Revisiting studies of the orientation of low-latitude scintillation patterns using a local network of spaced GNSS-based monitors

Low-latitude ionospheric scintillation can be described as the manifestation of fast-moving and time evolving diffraction patterns created by ionospheric irregularities associated with Equatorial Spread F (ESF) (e.g., Basu, S. et al. 1996).

Ionospheric irregularities are commonly assumed to map along geomagnetic field lines, and it has been proposed that the orientation of this scintillation pattern can be determined by a consideration of the projection of the magnetic field vector onto the receiver plane (Kintner et al. 2004).

Kintner et al. (2004) described this orientation using a straightforward projection model. The model was able to represent some of the data tested but was deemed unsatisfactory for nearly two thirds of the dataset. Here, we revisit their work and compare it with experimental data. More specifically, we extend their projection model to the general case, accounting for different projection geometries with respect to the magnetic vector at each ionospheric pierce point (calculated using IGRF-13) and a non-ideal receiver plane.

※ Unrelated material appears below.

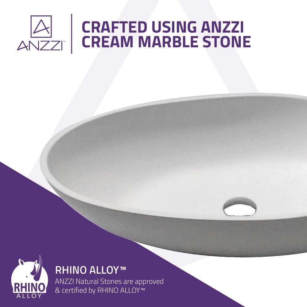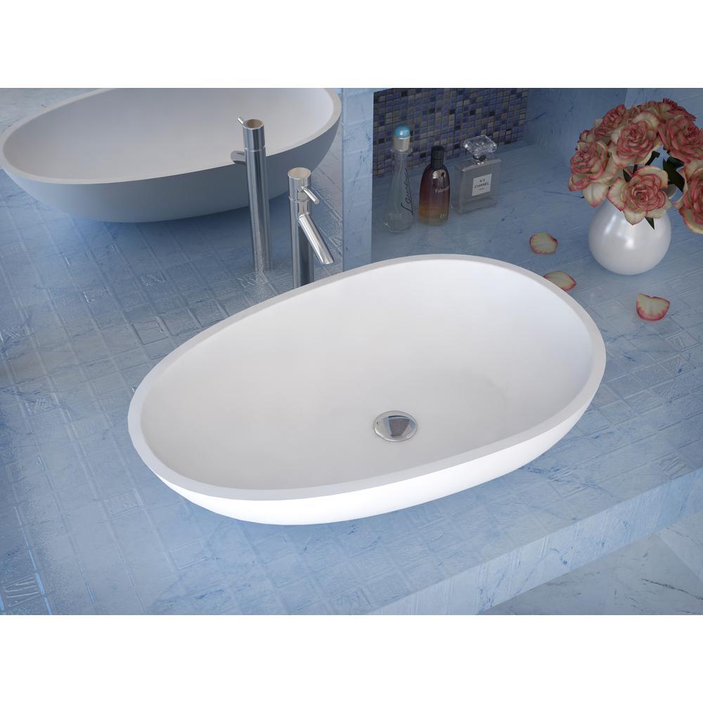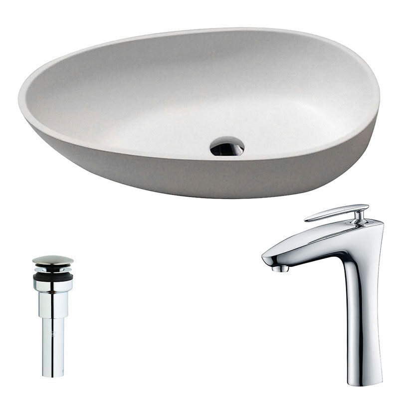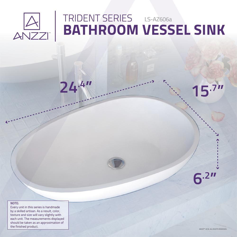 ANZZI Trident Man-Made Stone Vessel Sink with Pop-Up Drain, Matte White, 24.4 x 15.7 x 6.2 in

We apply our approach using measurements made during a week-long campaign in March 2023 at the Jicamarca Radio Observatory in Peru. Measurements were made by five GNSS-based scintillation monitors placed in baselines with lengths ranging from 940m to 6.4km in the magnetic N-S direction and a single baseline 144m long apart in the E-W direction. By performing a correlation analysis on the GNSS signals received by the stations, we could directly measure the orientation of the scintillation pattern. We compare these measurements with the modeled values, finding good agreement between the expected and the measured orientations even among the set that was discounted from the original analysis.